Emit a verbatim copy of the lines below from the line with "(本网讯)为进一步深化平安校" through the line with "اینفوگرافی / وضعیت", excluding pictures and everything outside that range.

── Information supplied ──

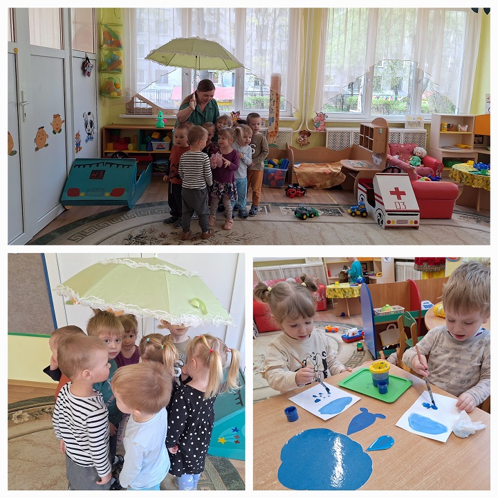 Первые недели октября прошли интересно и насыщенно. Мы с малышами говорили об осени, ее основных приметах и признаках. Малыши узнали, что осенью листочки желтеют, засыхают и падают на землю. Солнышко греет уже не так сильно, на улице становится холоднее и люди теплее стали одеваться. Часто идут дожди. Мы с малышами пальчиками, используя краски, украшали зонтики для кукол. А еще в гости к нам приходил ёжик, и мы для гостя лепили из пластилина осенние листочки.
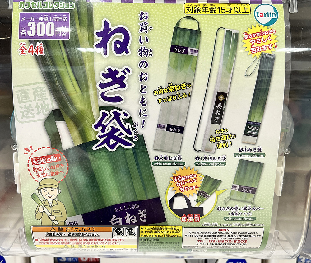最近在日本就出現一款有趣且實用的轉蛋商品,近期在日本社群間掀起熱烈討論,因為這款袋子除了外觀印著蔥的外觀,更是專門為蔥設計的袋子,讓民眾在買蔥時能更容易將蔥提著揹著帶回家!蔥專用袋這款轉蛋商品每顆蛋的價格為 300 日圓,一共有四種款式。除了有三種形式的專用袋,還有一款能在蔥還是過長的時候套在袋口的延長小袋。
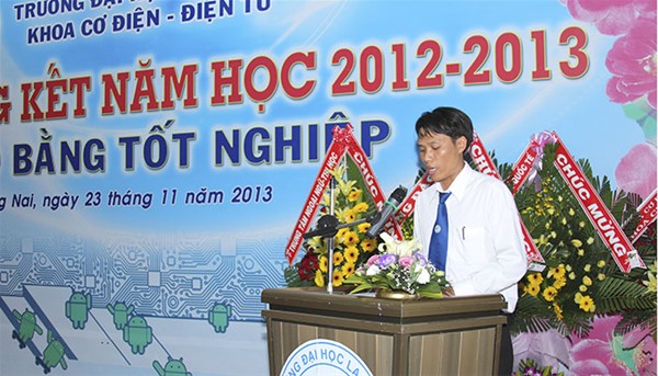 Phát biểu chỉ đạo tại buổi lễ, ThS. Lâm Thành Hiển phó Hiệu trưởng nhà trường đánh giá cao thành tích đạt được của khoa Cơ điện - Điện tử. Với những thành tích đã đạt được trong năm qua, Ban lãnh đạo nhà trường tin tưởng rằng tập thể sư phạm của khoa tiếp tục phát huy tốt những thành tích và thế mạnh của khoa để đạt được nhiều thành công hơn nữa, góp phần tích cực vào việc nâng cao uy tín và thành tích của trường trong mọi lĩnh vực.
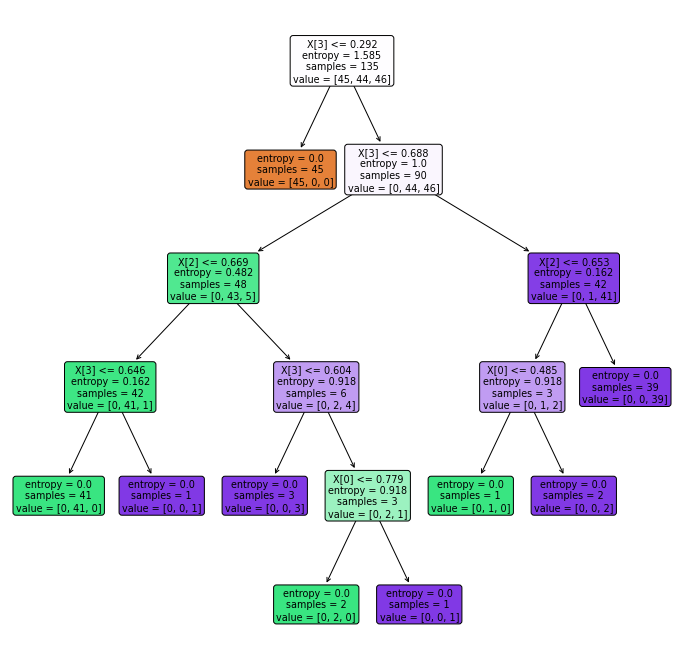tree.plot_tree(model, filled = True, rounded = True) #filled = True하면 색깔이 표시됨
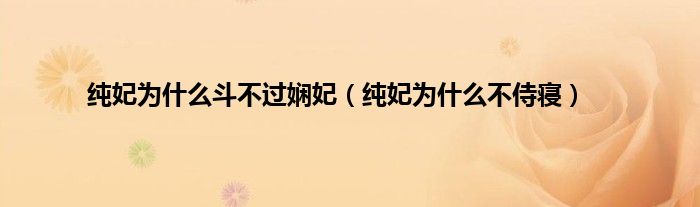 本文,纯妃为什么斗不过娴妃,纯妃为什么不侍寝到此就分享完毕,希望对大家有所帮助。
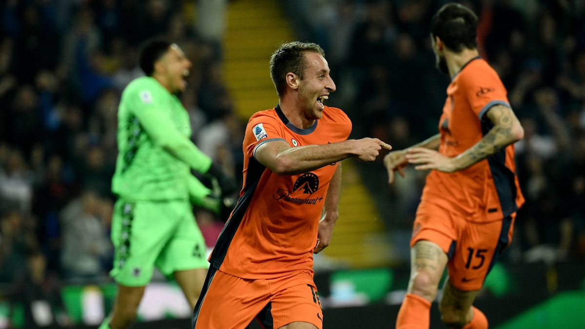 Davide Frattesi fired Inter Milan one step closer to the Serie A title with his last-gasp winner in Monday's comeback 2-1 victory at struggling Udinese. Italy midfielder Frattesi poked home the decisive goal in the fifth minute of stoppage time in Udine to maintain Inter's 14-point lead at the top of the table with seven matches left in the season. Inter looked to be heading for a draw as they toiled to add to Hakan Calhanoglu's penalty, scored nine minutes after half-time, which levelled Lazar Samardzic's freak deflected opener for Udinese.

───
── Information supplied ──

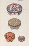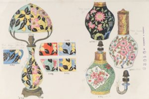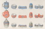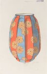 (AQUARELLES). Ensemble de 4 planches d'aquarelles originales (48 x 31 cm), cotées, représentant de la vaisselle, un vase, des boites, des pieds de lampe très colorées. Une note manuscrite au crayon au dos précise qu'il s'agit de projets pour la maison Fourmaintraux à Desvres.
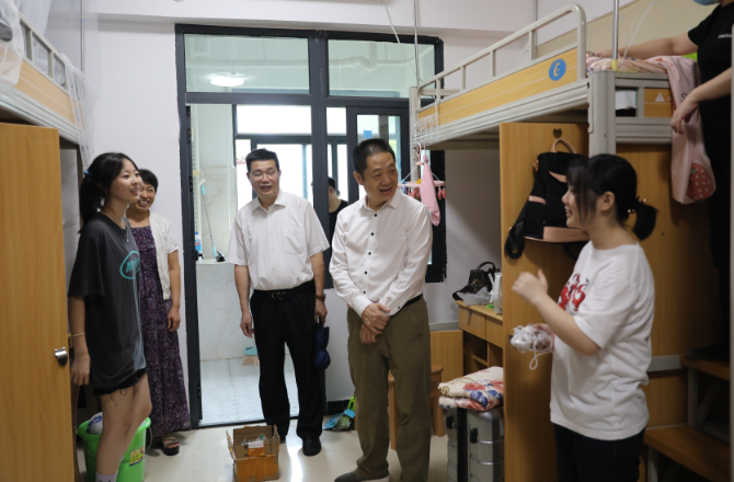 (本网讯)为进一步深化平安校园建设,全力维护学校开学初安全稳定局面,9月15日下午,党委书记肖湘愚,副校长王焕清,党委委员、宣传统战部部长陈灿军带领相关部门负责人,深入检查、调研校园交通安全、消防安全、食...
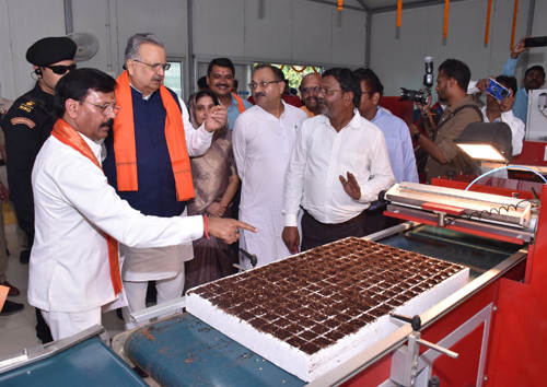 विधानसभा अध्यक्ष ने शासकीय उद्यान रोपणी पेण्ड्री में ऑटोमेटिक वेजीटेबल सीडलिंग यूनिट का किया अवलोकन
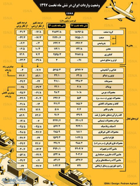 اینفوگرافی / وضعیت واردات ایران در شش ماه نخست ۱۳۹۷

───
── Information supplied ──

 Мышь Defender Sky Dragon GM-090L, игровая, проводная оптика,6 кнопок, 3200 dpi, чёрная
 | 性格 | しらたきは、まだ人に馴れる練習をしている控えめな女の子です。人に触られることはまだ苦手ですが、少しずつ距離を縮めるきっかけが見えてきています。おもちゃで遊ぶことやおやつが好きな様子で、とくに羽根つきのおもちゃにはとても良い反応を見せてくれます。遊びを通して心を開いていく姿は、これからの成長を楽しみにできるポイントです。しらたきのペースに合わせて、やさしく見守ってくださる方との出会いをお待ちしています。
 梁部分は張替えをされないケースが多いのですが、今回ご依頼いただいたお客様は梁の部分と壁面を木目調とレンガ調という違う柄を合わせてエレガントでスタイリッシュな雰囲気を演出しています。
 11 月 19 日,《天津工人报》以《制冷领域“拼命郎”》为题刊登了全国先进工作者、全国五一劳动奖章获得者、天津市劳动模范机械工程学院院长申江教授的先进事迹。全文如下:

───

■ Result of the task:
 (本网讯)为进一步深化平安校园建设,全力维护学校开学初安全稳定局面,9月15日下午,党委书记肖湘愚,副校长王焕清,党委委员、宣传统战部部长陈灿军带领相关部门负责人,深入检查、调研校园交通安全、消防安全、食...
 विधानसभा अध्यक्ष ने शासकीय उद्यान रोपणी पेण्ड्री में ऑटोमेटिक वेजीटेबल सीडलिंग यूनिट का किया अवलोकन
 اینفوگرافی / وضعیت واردات ایران در شش ماه نخست ۱۳۹۷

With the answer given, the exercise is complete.